If the closing has not occurred on or before July 15, 2019 (which date may be extended by mutual agreement of the parties), and if such outside date has not been extended by the parties, Flowr or the vendors may terminate the agreement.
Terminate the agreement they did.
The company is not proceeding with the offering due to prevailing market conditions, which were not conducive to the completion of the offering on terms that would be in the best interest of Flowr’s current shareholders. Flowr will continue to monitor market conditions as it evaluates options to drive long-term growth.
Huzzah! Share price rallies from $4.00 back up to $4.80, a level it maintains for a week as the sector in general swooned.
Pundits impressed!
I absolutely love what @FlowrCanada mgmt did here!
Filed their final short form prospectus mid-day yesterday.

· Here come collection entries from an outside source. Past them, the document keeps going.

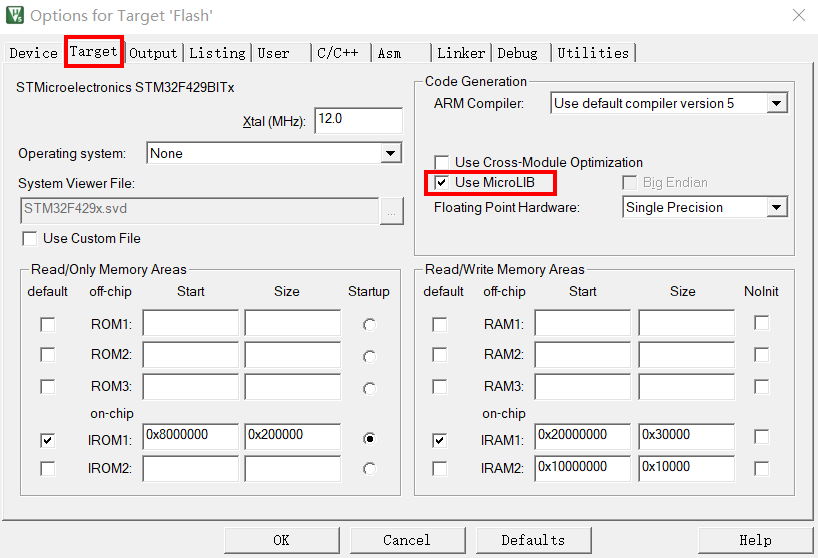 局外话,这一步的配置工作很重要,很多人串口用不了 printf 函数,编译有问题,下载有问题,都是这个步骤的配置出了错。Target中选中微库“ Use MicroLib”,为的是在日后编写串口驱动的时候可以使用printf 函数。而且有些应用中如果用了 STM32 的浮点运算单元 FPU,一定要同时开微库,不然有时会出现各种奇怪的现象。FPU 的开关选项在微库配置选项下方的“Use Single Precision”中,默认是开的。
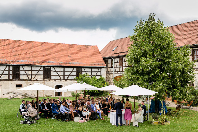 Wow! Wie emotional kann eine Hochzeit sein ?! Die Messlatte liegt nach dieser hier sehr hoch. Aber von vorne: Im Juni war ich (Timm) unterwegs in Thüringen, um die Hochzeit von Stephanie und Marcus zu begleiten. Sie feierten im Rittergut Positz, einem schönen Vierseitenhof mitten in sanft fliessenden Hügeln. Bereits am Freitag hatten die Zwei zu einem entspannten Get-Together eingeladen, damit die von weither angereisten Freunde und Verwandte in Ruhe ankommen können. Für mich war es toll, das Brautpaar, was ich bisher nur von Skype kannte, endlich echt und in Farbe zu sehen und alle Gäste konnten sich auch schon mal mit einer ständig präsenten Kamera aklimatisieren… Es gab ein gutgelauntes Picknick mit Bier und Laugengebäck. Schon hier fiel mir der herzliche und entspannte Umgang aller Verwandten und Freunde miteinander auf.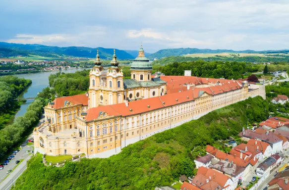 Next up on a typical Danube cruise itinerary is the resplendent Melk Abbey, an enormous honey-coloured castle that is home to monks of the Benedictine Order. Situated on a rock overlooking the river Danube, the abbey is famous for its splendid architecture, library and decorative frescoes, as well as its 195-metre-long gallery lined with portraits of emperors.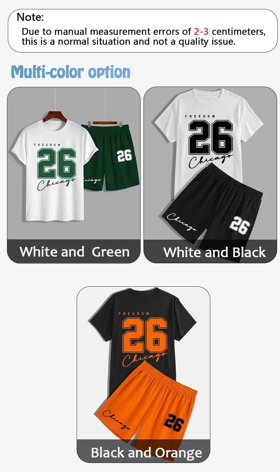 Short-sleeved shorts summer men's suit simple fitted T-shirt letter print with the same printed shorts two-piece set

Stock then plummeted on anon volume.
Then next morning (today) mgmt pulls the deal, creating a squeeze.
Can’t make this stuff up !! $FLWR cc: @OSC_News https://t.co/GyP8h4mWgx pic.twitter.com/LwNQBpHIBv
— Kelly Brown (@rubiconcapital_) July 19, 2019
A great day and a return to investor sentiment oh god they’re going to fuck it all up again, aren’t they?

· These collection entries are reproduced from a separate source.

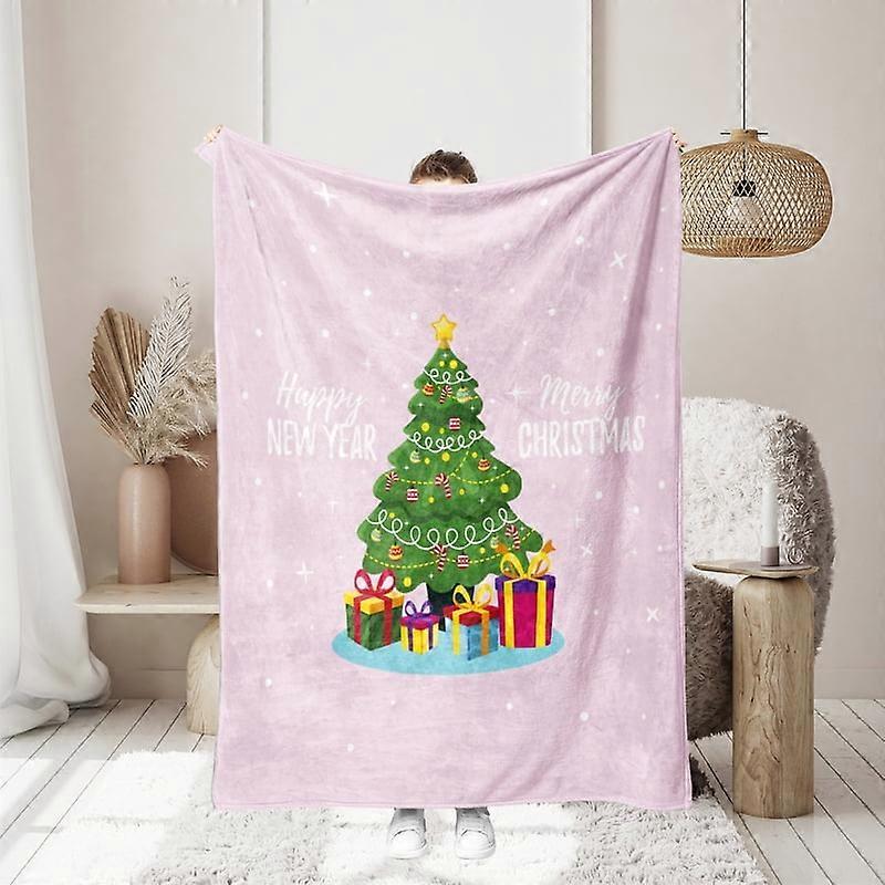 1 piece of flannel pink Christmas tree print blanket, soft sofa, air-conditioned room cover blanket, Christmas gift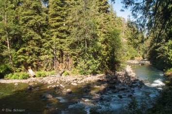 Von hier wandern wir fast drei Stunden lang auf dem Lover’s Lane Trail entlang des Sol Duc River und kommen an einigen schönen Wasserfällen vorbei — u.A. an den Sol Duc Falls — die hier die Hauptattraktion sind. Wenn man nicht ganz so viel laufen möchte, erreicht man diese auch auf einem deutlich kürzeren Trail.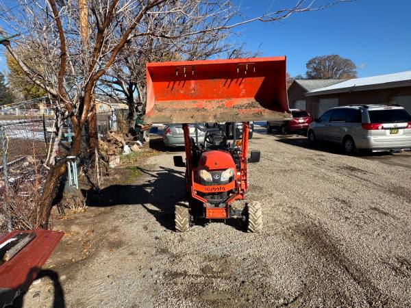 Kubota BX 1880 compact utility tractor. Bought new in 2023 at Kubota Mesa Tractor dealership in Albuquerque. With only 120 hrs of use. I have used it only around my 2 acre property, to spread gravel and clean horse corrals. Kept under covered car porch when not in use. Horses are gone, so no longer need the tractor.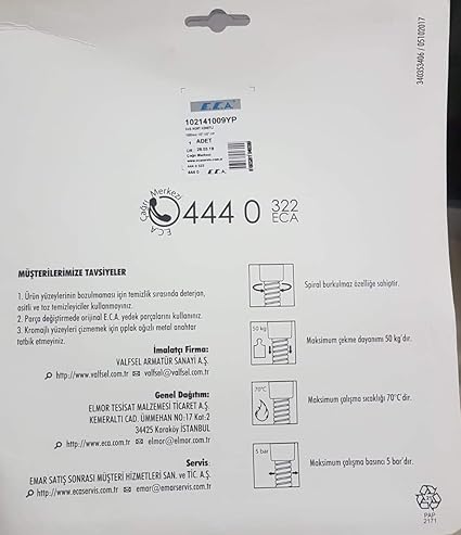 Ürün Kodu: ECA’nın kaliteli ve dayanıklı duş spiral zinciri ürünlerinden biri, 8e32736b-2e57-4fbf-8606-d5c3a3c359de numarasıyla tanınır.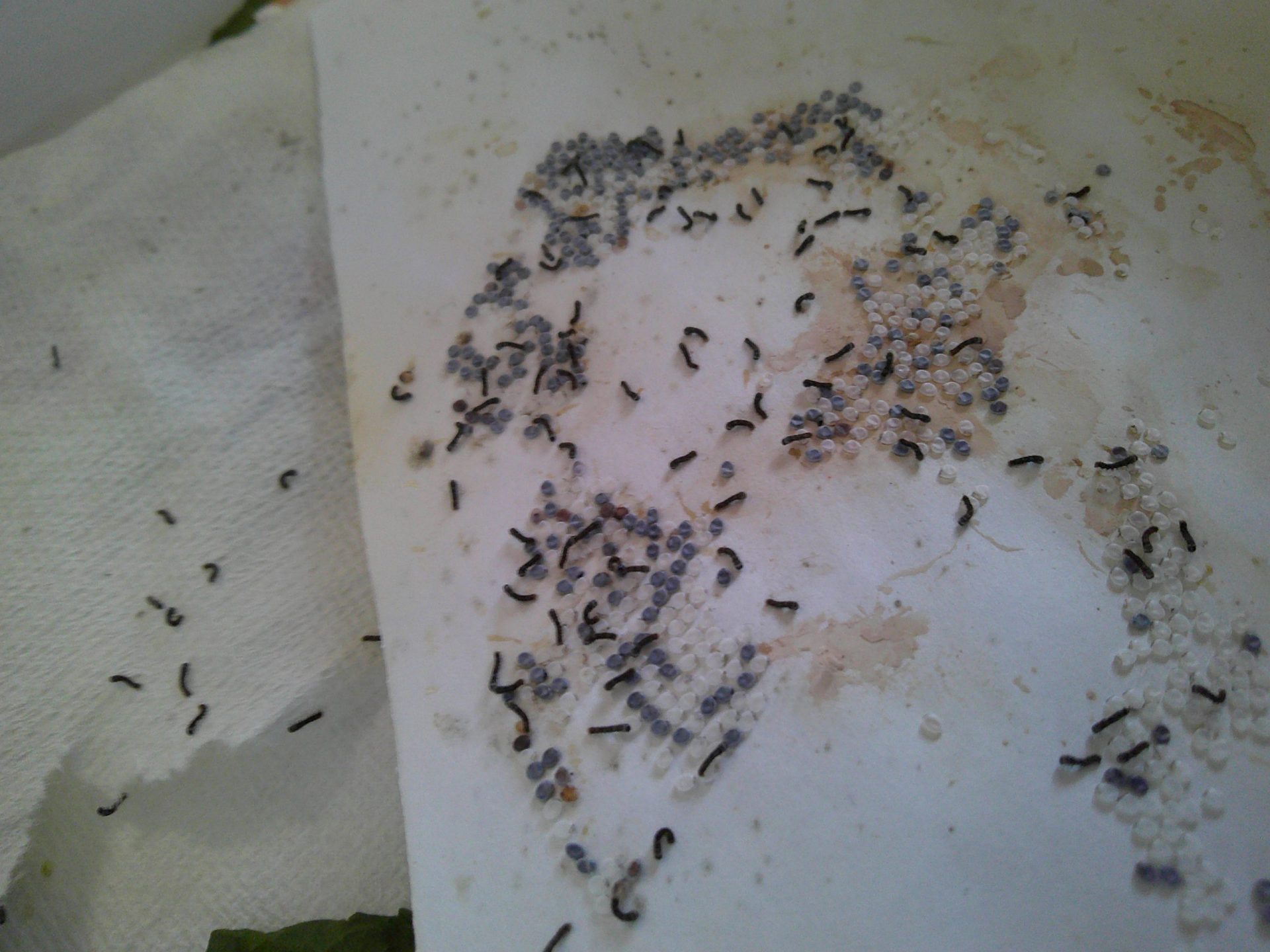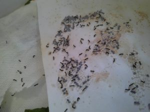 ・産まれた蚕をじっくり観察し、大きくなってきている蚕とまだ産まれたての小さい蚕がいることに気づき、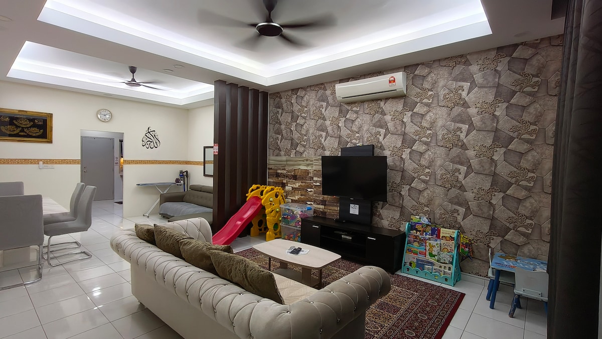 Zakoračite u prostor dizajniran za mir i udobnost. Casa de Luna je vaš moderni odmor na mjesečini u kojem se jednostavnost spaja s toplinom, savršena za miran odmor, male porodice ili mirne pauze za vikend. Po ✨ čemu je poseban: • Udoban raspored sa 3 spavaće sobe (sa svim klima-uređajima, uključujući dnevni hodnik) • Gintell stolica za masažu • Kuhinja prikladna za halal sa kolicima i mikrotalasnom rernom • Unifi 100mbps i TV od 65 inča (sa Netflix-om) • Mašina za veš i mašina za sušenje veša • Bazen, teretana i dječje igralište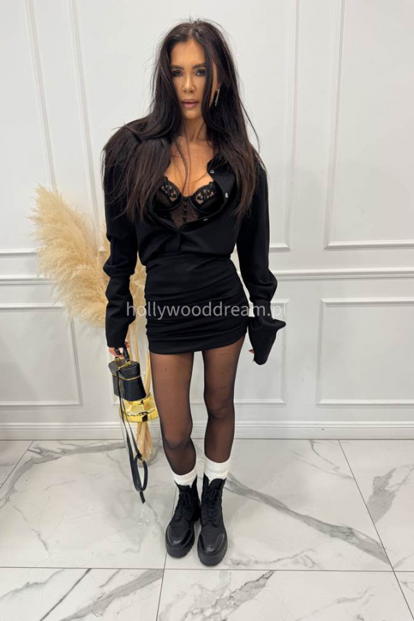 Czarny komplet koszula z wysokim mankietem+spódniczka drapowana mini FOLLY 161

The Flowr Corp. has entered into an agreement with a syndicate of underwriters led by GMP Securities LP, pursuant to which the underwriters have agreed to purchase, on a bought deal basis, pursuant to the filing of a short form prospectus, an aggregate of 10.61 million units of the company, at a price of $4.10 per unit for aggregate gross proceeds to Flowr of $43,501,000.
$4.10 was more than $0.70 per share below the closing price of the previous day.
Why does Flowr need $43m raised at nigh half the share price the company enjoyed less than a month ago?
The company intends to use the net proceeds from the offering to finance, in part, its acquisition of the approximately 80-per-cent equity interest of Holigen Holdings Ltd. that it does not already own, working capital required for the construction and development of certain of Holigen’s and the company’s cultivation and production facilities, and for general corporate purposes.
They’re still into that deal, only now they’re paying a higher price for it, getting less, and shredding their share price once again.
How’d that stock end the day?
$4.00.
$FLWR $FLWR.v
Bought deal, no bought deal, bought deal…How is this even legal???? @IIROCinfo
— Seb Tarte (@seb_tarte) July 22, 2019
Remember, when they started this journey, the offering was $7.10. Less than a month later, the company has nothing to show for its moves except a self-slashed share price close to half what it was.
$FLWR Man oh man, it simply doesn’t get much worse than this. Announce a “priced in the context of the mkt” deal at $7.10, let the shorts destroy you, cxl the deal and then do the raise at $4.10 with a 1/2 warrant? BRUTAL>NO POSITION. pic.twitter.com/7ANteAxUkU
— Robert (@theHallowedgold) July 22, 2019
When a raise is announced at less then the market price, investors will often sell their stock so they can rebuy it cheaper. In fact, they’ll often do that if the offering and the stock are level, because they’ll receive warrants in the financing, which can bring a second bite at profits down the line.
For that reason, companies are usually careful with where, and when, and how they announce these deals.
Flowr is so convinced what they’re buying is incredible, they’re prepared to burn down the house to get it. But the markets aren’t seeing that value. What they are seeing, now more than ever, is a downward trajectory and just a little desperation.
Which would explain their recent discussions of a possible NASDAQ uplist… good grief.
If they’re going to complete than Holigen deal, they’re going to need a lot more finance/paper out there than this deal permits, and this deal is already killing them.
Careful now.
— Chris Parry
FULL DISCLOSURE: No dog in the fight.